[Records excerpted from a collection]

────────────────────

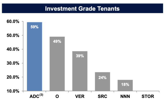 L’ADC possède 864 propriétés de détail à bail net dans 46 États. Elle se distingue des autres sociétés de placement immobilier NNN par le fait que ses locataires sont de qualité nettement supérieure. Nous pouvons voir ci-dessous que 59 % de ses locataires sont de qualité investissement et comprennent des sociétés à haut degré de solvabilité comme Home Depot (HD) et Costco (COST) :
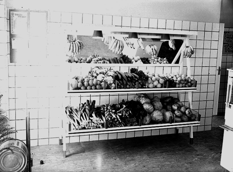 Zanders Köttaffär, affärsinteriör, fruktdisk.
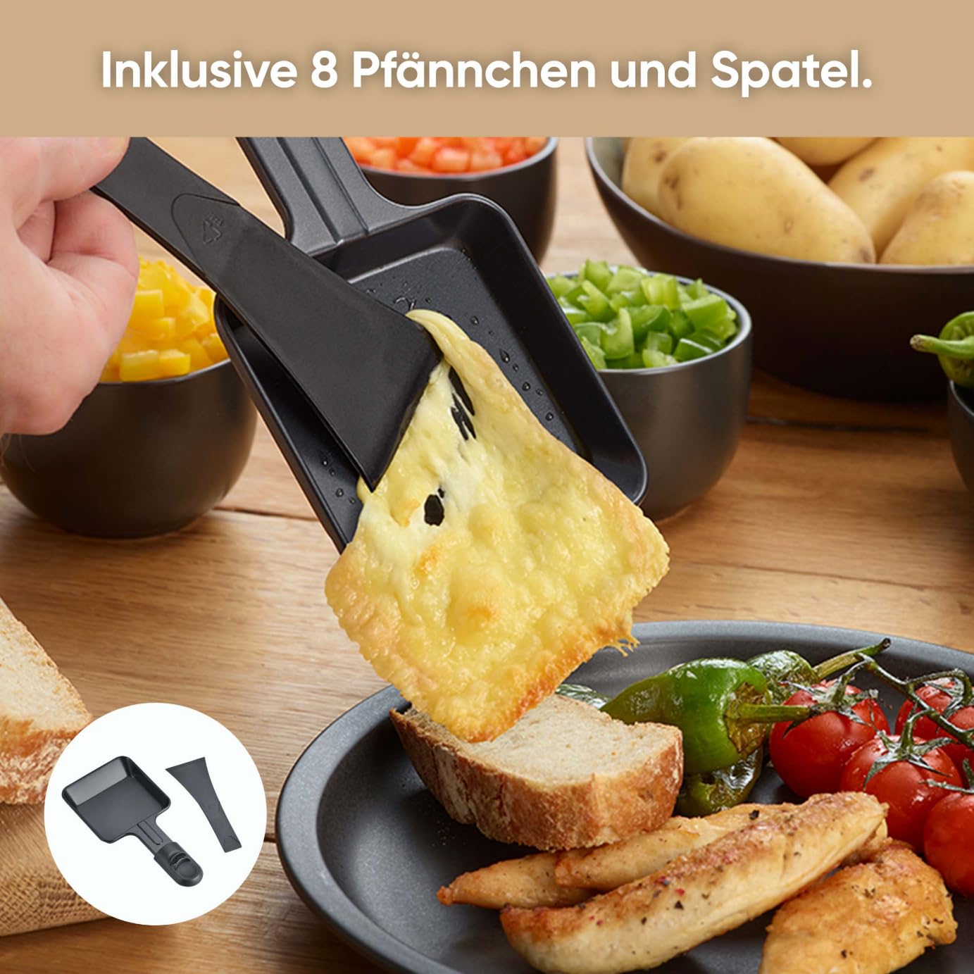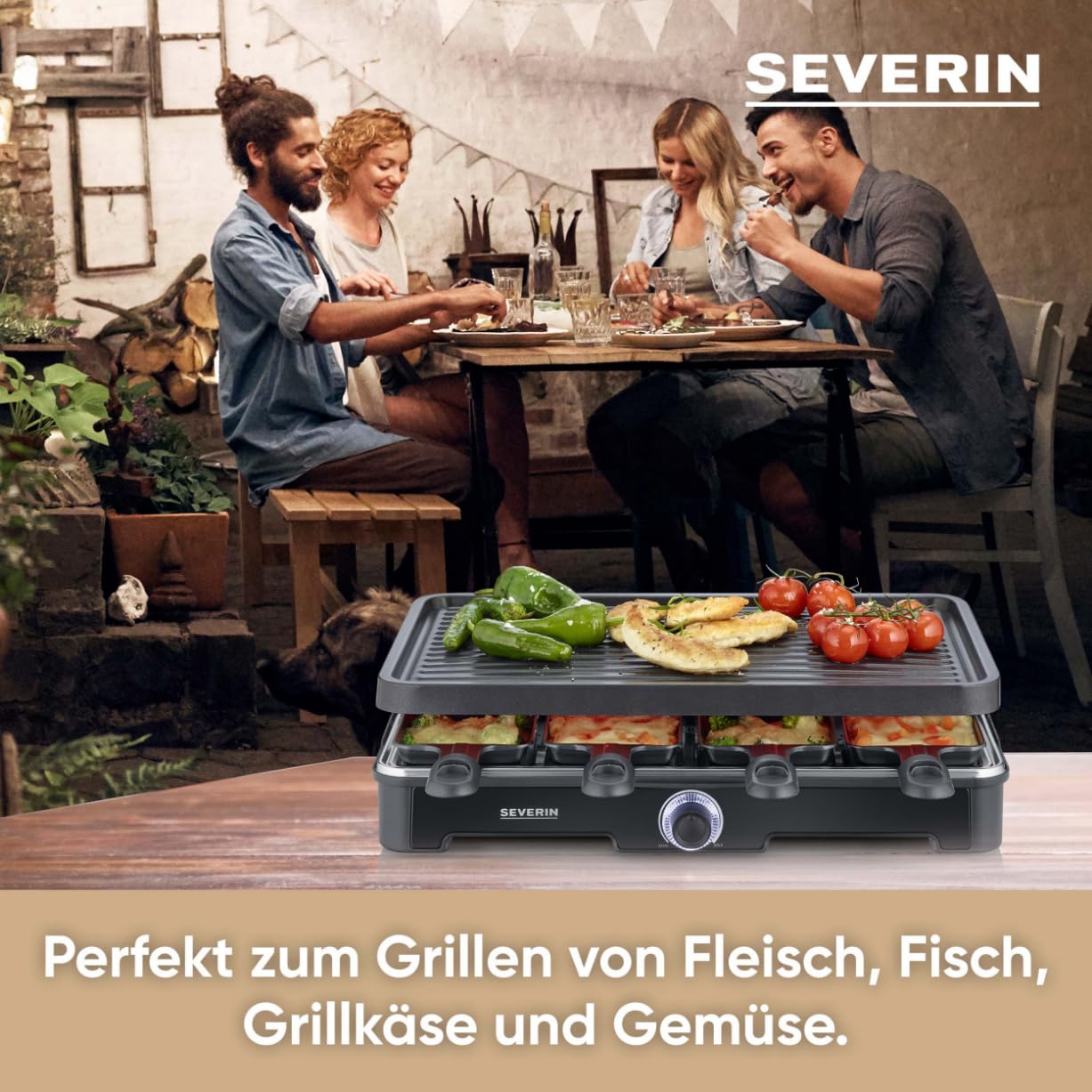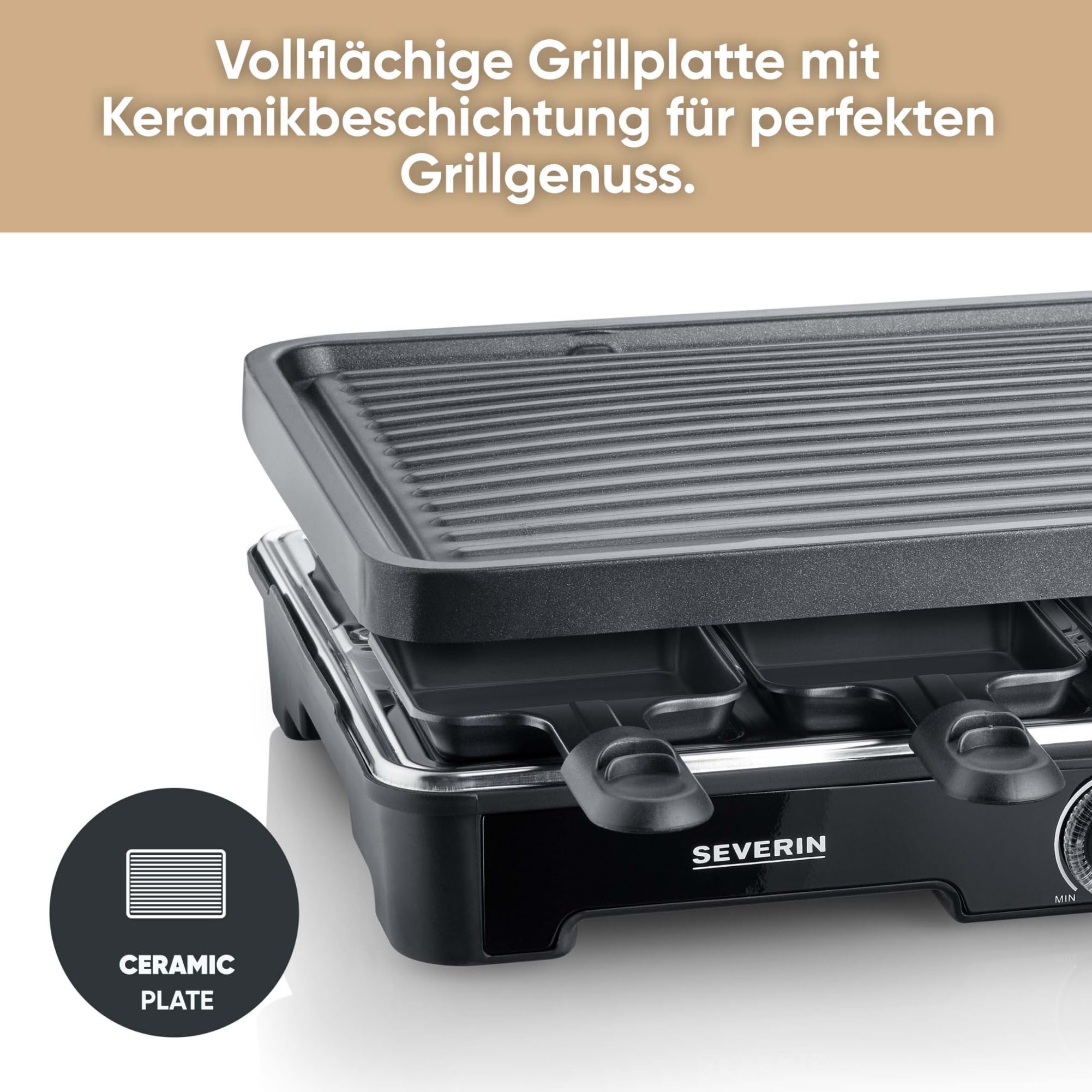 Severin Raclette-Grill, mit grosser Grillplatte, Keramik- & Antihaftbeschichtung, 8 Raclette Pfännchen & 8 Spatel, Tischgrill für bis zu 8 Personen, 1.400 W Leistung, schwarz, RG 9670
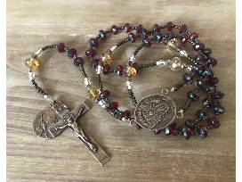 This rosary is custom made for Holy Trinity church. This rosary is made with solid bronze reproduction parts and Czech glass beads. The antique crucifix pairs well with the Seven Sorrows center. The center pairs well with the Seven Sorrows stained glass windows in the church. Also this rosary has a beautiful detailed Holy Trinity medal. The reverse side is the Holy Spirit that matches the Holy Spirit mural in the Sanctuary of the church.
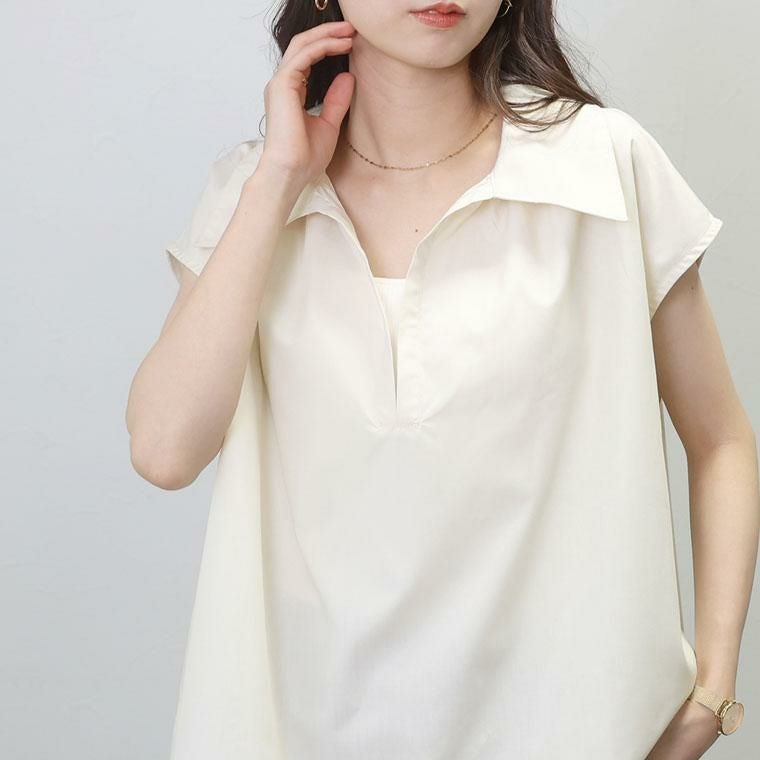 艶感のある平織生地で仕立てたフレンチブラウス。さらりとした軽い着心地です。肩をやさしく覆うフレンチスリーブで大人も一枚で着やすい。羽織りを重ねたときももたつきにくくジャケットのインに合わせればオフィスカジュアルにもおすすめです。大き目の襟は小顔に見せてくれる効果も。さらに深めに開いたスキッパー襟が顔周りをすっきり、上半身をコンパクトに見せます。パンツにもスカートにも合わせやすく、オンにもオフにも使える汎用性の高いアイテムです。
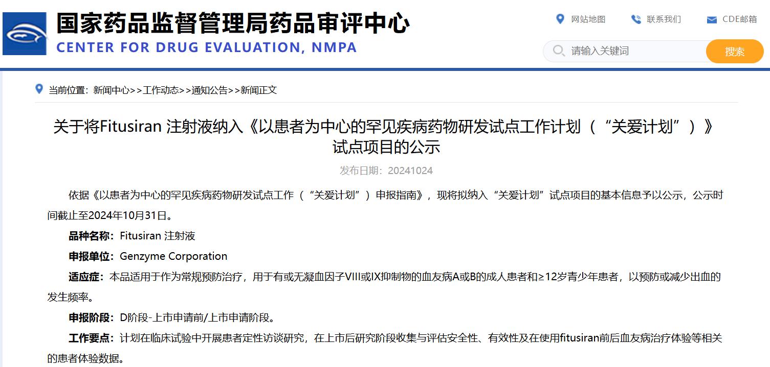 關于將Fitusiran 注射液納入《以患者為中心的罕見疾病藥物研發試點工作計劃(“關愛計劃”)》試點項目的公示
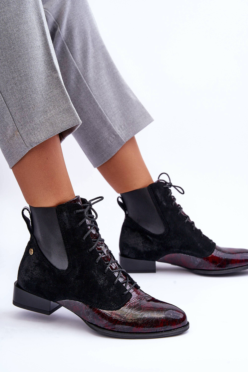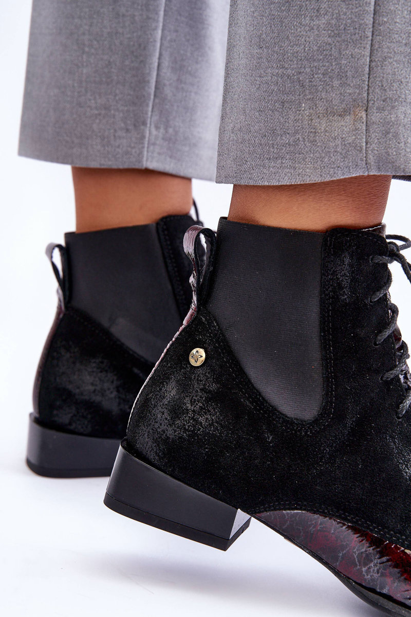 Botki Damskie Skóra Płaski Obcas Maciejka 06200-08 Czarne
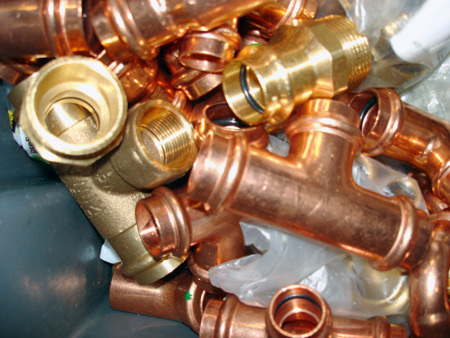 Was für das Rohr gilt, muss natürlich auch auf Fittings und weitere Bauteile einer Wasserleitung angewandt werden. Auch diese müssen fabriksauber zum Bestandteil einer Installation mutieren. Es gibt Hersteller, die liefern die Fittings verschlossen aus. Die Anschlussenden sind mit Kappen geschützt. Auch wenn - wie beispielsweise bei Mepla-Fittings von Geberit - dies in erster Linie dem Schutz der Dichtelemente dient, wird einer Verunreinigung des Bauteiles vorgebeugt. Eine Maßnahme, die bei Fittings mit eingelegten Dichtelementen (wie Pressfittings) in jedem Fall nötig wäre. Denn für die maschinelle Ausstattung der Fittings mit Dichtelementen während der Produktion wird ein spezielles (natürlich trinkwassertaugliches) Siliconspray, Fett oder ein Fettbestandteil (Glycerin) eingesetzt. Daher sind die Fittings auch bei Auslieferung leicht fettig und in Folge auch klebrig. Wandern diese unverpackt zur Baustelle, fungieren sie gewissermaßen als Schmutzmagnet. Was außen auf dem Bauteil unbedenklich ist, sollte sich aber tunlichst nicht in seinem Inneren festsetzen. Verpackungseinheiten in Form von Beuteln mit einer Anzahl von Fittings darin lösen das Problem nicht. Denn um nur einen Fitting daraus verarbeiten zu können, muss die Verpackung geöffnet werden, womit der Schmutz-Schutz entfällt. Dass es auch anders geht, zeigen führende Fittinghersteller längst. Sie liefern die Fittings nicht nur in einem Karton mit fünf bzw. zehn Teilen, sondern jeden Fitting einzeln in Folie verpackt. Dieser wird folglich erst unmittelbar vor seiner Verwendung als Bauteil einer Wasserleitung aus seiner Schutzhülle geholt. Auf diese Weise ist sichergestellt, dass quasi „ab Werk“ keine Verunreinigungen das Fitting erreichen können, die später unter Umständen eine Menge Ärger verursachen.

────────────────────

§ **Problem requirements**
When you write out the data, keep every line exact and drop the pictures.

§ **Answer to this task**
 L’ADC possède 864 propriétés de détail à bail net dans 46 États. Elle se distingue des autres sociétés de placement immobilier NNN par le fait que ses locataires sont de qualité nettement supérieure. Nous pouvons voir ci-dessous que 59 % de ses locataires sont de qualité investissement et comprennent des sociétés à haut degré de solvabilité comme Home Depot (HD) et Costco (COST) :
 Zanders Köttaffär, affärsinteriör, fruktdisk.
 Severin Raclette-Grill, mit grosser Grillplatte, Keramik- & Antihaftbeschichtung, 8 Raclette Pfännchen & 8 Spatel, Tischgrill für bis zu 8 Personen, 1.400 W Leistung, schwarz, RG 9670
 This rosary is custom made for Holy Trinity church. This rosary is made with solid bronze reproduction parts and Czech glass beads. The antique crucifix pairs well with the Seven Sorrows center. The center pairs well with the Seven Sorrows stained glass windows in the church. Also this rosary has a beautiful detailed Holy Trinity medal. The reverse side is the Holy Spirit that matches the Holy Spirit mural in the Sanctuary of the church.
 艶感のある平織生地で仕立てたフレンチブラウス。さらりとした軽い着心地です。肩をやさしく覆うフレンチスリーブで大人も一枚で着やすい。羽織りを重ねたときももたつきにくくジャケットのインに合わせればオフィスカジュアルにもおすすめです。大き目の襟は小顔に見せてくれる効果も。さらに深めに開いたスキッパー襟が顔周りをすっきり、上半身をコンパクトに見せます。パンツにもスカートにも合わせやすく、オンにもオフにも使える汎用性の高いアイテムです。
 關于將Fitusiran 注射液納入《以患者為中心的罕見疾病藥物研發試點工作計劃(“關愛計劃”)》試點項目的公示
 Botki Damskie Skóra Płaski Obcas Maciejka 06200-08 Czarne
 Was für das Rohr gilt, muss natürlich auch auf Fittings und weitere Bauteile einer Wasserleitung angewandt werden. Auch diese müssen fabriksauber zum Bestandteil einer Installation mutieren. Es gibt Hersteller, die liefern die Fittings verschlossen aus. Die Anschlussenden sind mit Kappen geschützt. Auch wenn - wie beispielsweise bei Mepla-Fittings von Geberit - dies in erster Linie dem Schutz der Dichtelemente dient, wird einer Verunreinigung des Bauteiles vorgebeugt. Eine Maßnahme, die bei Fittings mit eingelegten Dichtelementen (wie Pressfittings) in jedem Fall nötig wäre. Denn für die maschinelle Ausstattung der Fittings mit Dichtelementen während der Produktion wird ein spezielles (natürlich trinkwassertaugliches) Siliconspray, Fett oder ein Fettbestandteil (Glycerin) eingesetzt. Daher sind die Fittings auch bei Auslieferung leicht fettig und in Folge auch klebrig. Wandern diese unverpackt zur Baustelle, fungieren sie gewissermaßen als Schmutzmagnet. Was außen auf dem Bauteil unbedenklich ist, sollte sich aber tunlichst nicht in seinem Inneren festsetzen. Verpackungseinheiten in Form von Beuteln mit einer Anzahl von Fittings darin lösen das Problem nicht. Denn um nur einen Fitting daraus verarbeiten zu können, muss die Verpackung geöffnet werden, womit der Schmutz-Schutz entfällt. Dass es auch anders geht, zeigen führende Fittinghersteller längst. Sie liefern die Fittings nicht nur in einem Karton mit fünf bzw. zehn Teilen, sondern jeden Fitting einzeln in Folie verpackt. Dieser wird folglich erst unmittelbar vor seiner Verwendung als Bauteil einer Wasserleitung aus seiner Schutzhülle geholt. Auf diese Weise ist sichergestellt, dass quasi „ab Werk“ keine Verunreinigungen das Fitting erreichen können, die später unter Umständen eine Menge Ärger verursachen.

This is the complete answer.